Anxiety
Practical CBT strategies to help you understand anxiety and take back control of your life.
Anxiety is your body's natural alarm system — designed to keep you safe. But sometimes that alarm gets stuck in the 'on' position, triggering intense fear and worry in situations that aren't actually dangerous. CBT is one of the most effective treatments for anxiety, offering practical tools to change the thoughts and behaviours that keep anxiety alive.
Signs & symptoms
- Persistent, excessive worry
- Physical symptoms: racing heart, sweating, trembling
- Feeling on edge or constantly tense
- Avoidance of situations that trigger anxiety
- Seeking reassurance repeatedly
- Difficulty sleeping
- Irritability or low tolerance for uncertainty
- Intrusive "what if" thoughts
- Difficulty concentrating
- Nausea or stomach problems
How CBT can help
CBT for anxiety targets the thinking patterns and safety behaviours that maintain fear. Together we'll examine the beliefs driving your anxiety — such as overestimating the likelihood or severity of feared outcomes — and test them against reality. Gradually, through structured exposure and behavioural experiments, you'll learn that anxiety is manageable and that feared outcomes are far less likely (and catastrophic) than anxiety suggests.

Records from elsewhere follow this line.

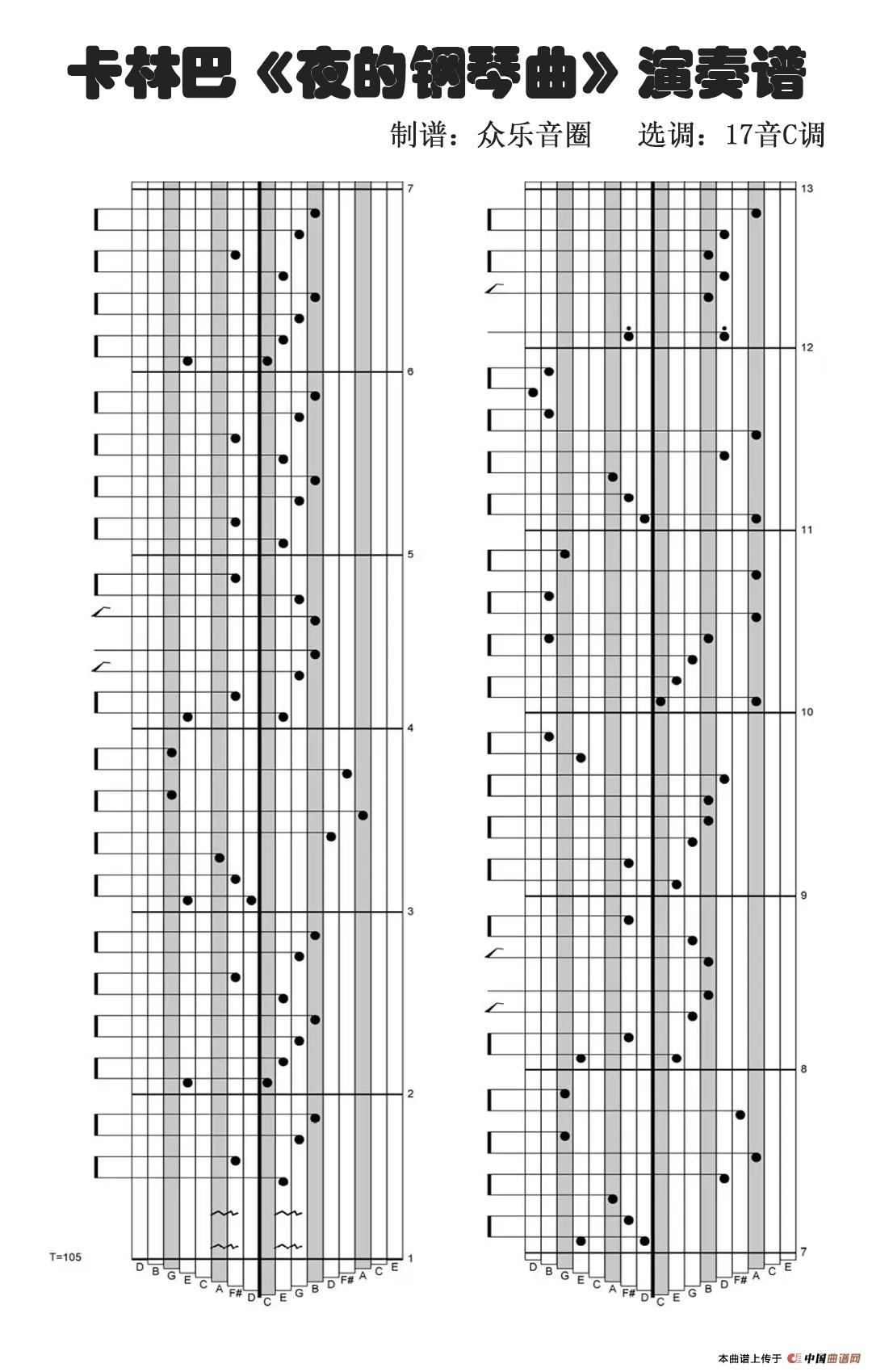 夜的钢琴曲五(拇指琴卡林巴琴演奏谱)
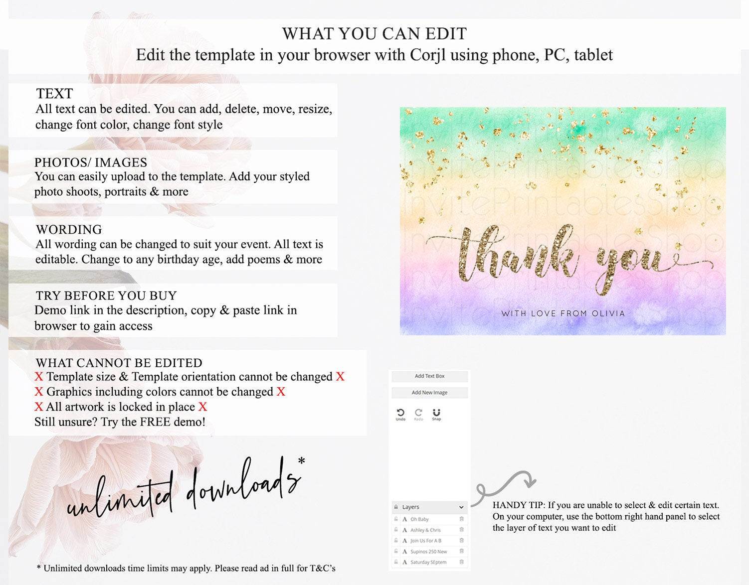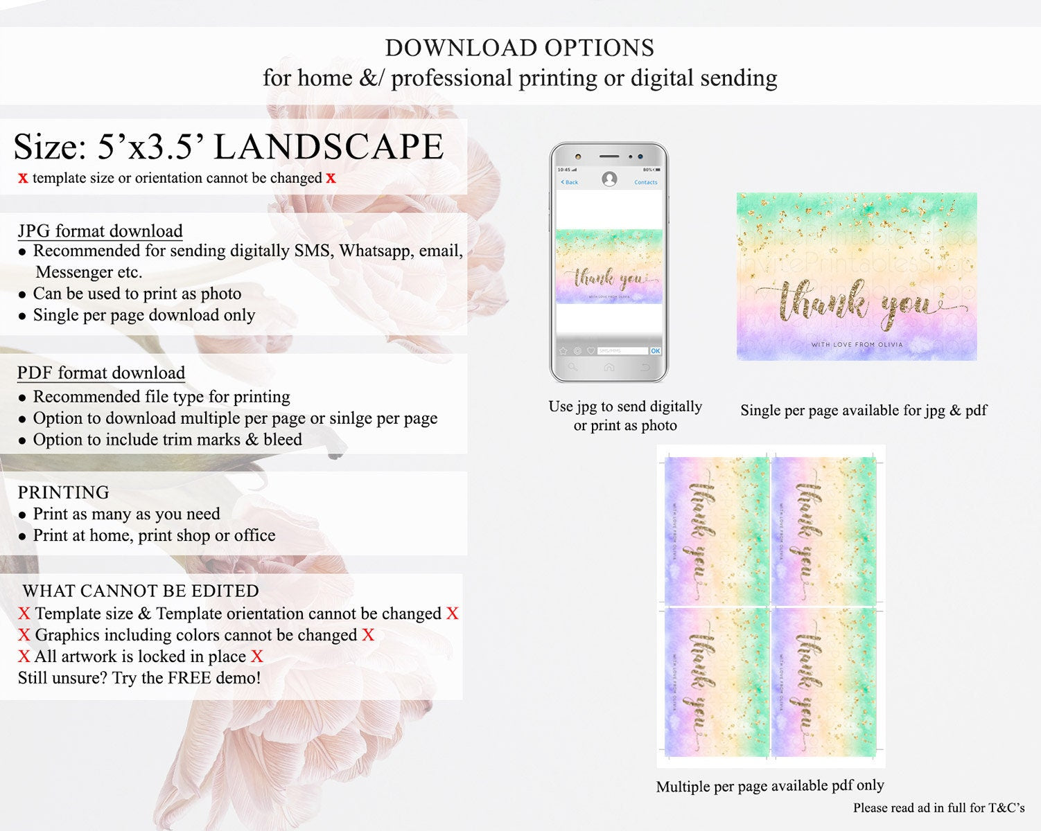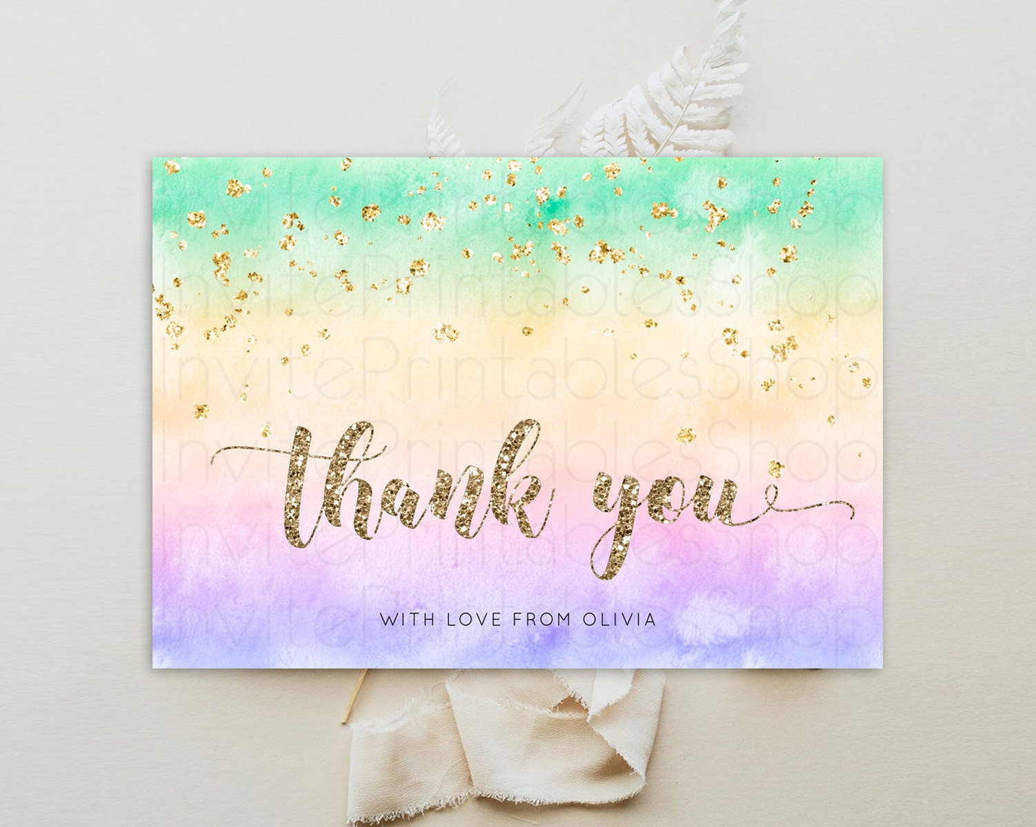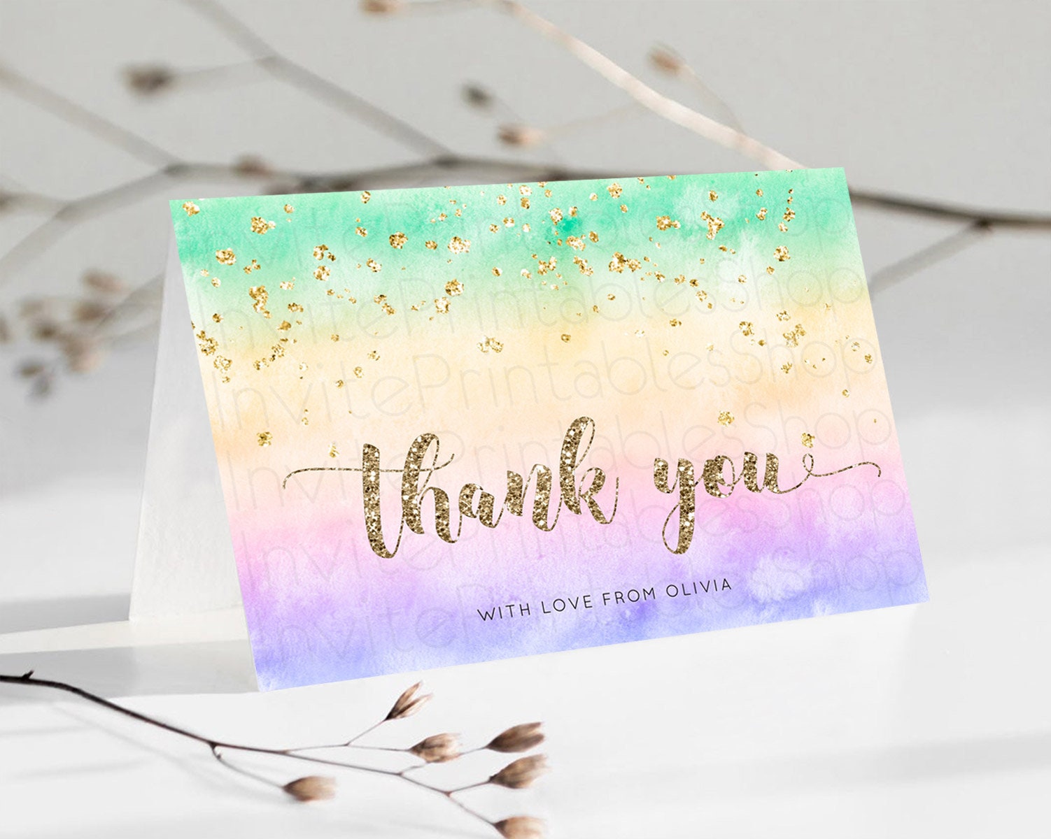 Pastel Thank You Rainbow Thank You Card Colorful Pastel Birthday Thank You Card Confetti Watercolor Pastel Teacher Thank You Cards D10478
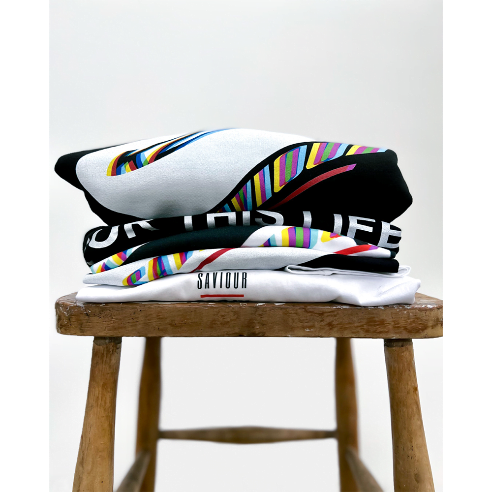 After a wardrobe refresher for your seasonal rotation? Kloss is coming at cha with a brand new merch drop. The creative community’s founder, Alec Maxwell, has tapped British label Saviour for a limited merch drop that dresses everyday garms in psychedelic prints, all while giving back to charity. Launched last year, Saviour founders William Rook and John Akanmu tend to splatter their borderless artwork onto hoodies, tees and jackets, often inspired by British culture that surrounds them. Saviour’s clothing keeps edges ragged, seams pulled and fabrics layered, taking pride in the imperfections that have come to define the brand.

- Identify and challenge anxious thoughts and catastrophic predictions
- Understand the role of avoidance and safety behaviours in keeping anxiety going
- Gradual, supported exposure to feared situations at your own pace
- Learn relaxation and breathing techniques to manage physical symptoms
- Develop a long-term toolkit to manage anxiety independently
Anxiety vs. normal worry
Everyone worries. Anxiety becomes a problem when it is excessive, difficult to control, causes significant distress, and interferes with daily life. If anxiety is stopping you from doing things you want to do — whether at work, in relationships, or socially — CBT can help you reclaim that lost ground.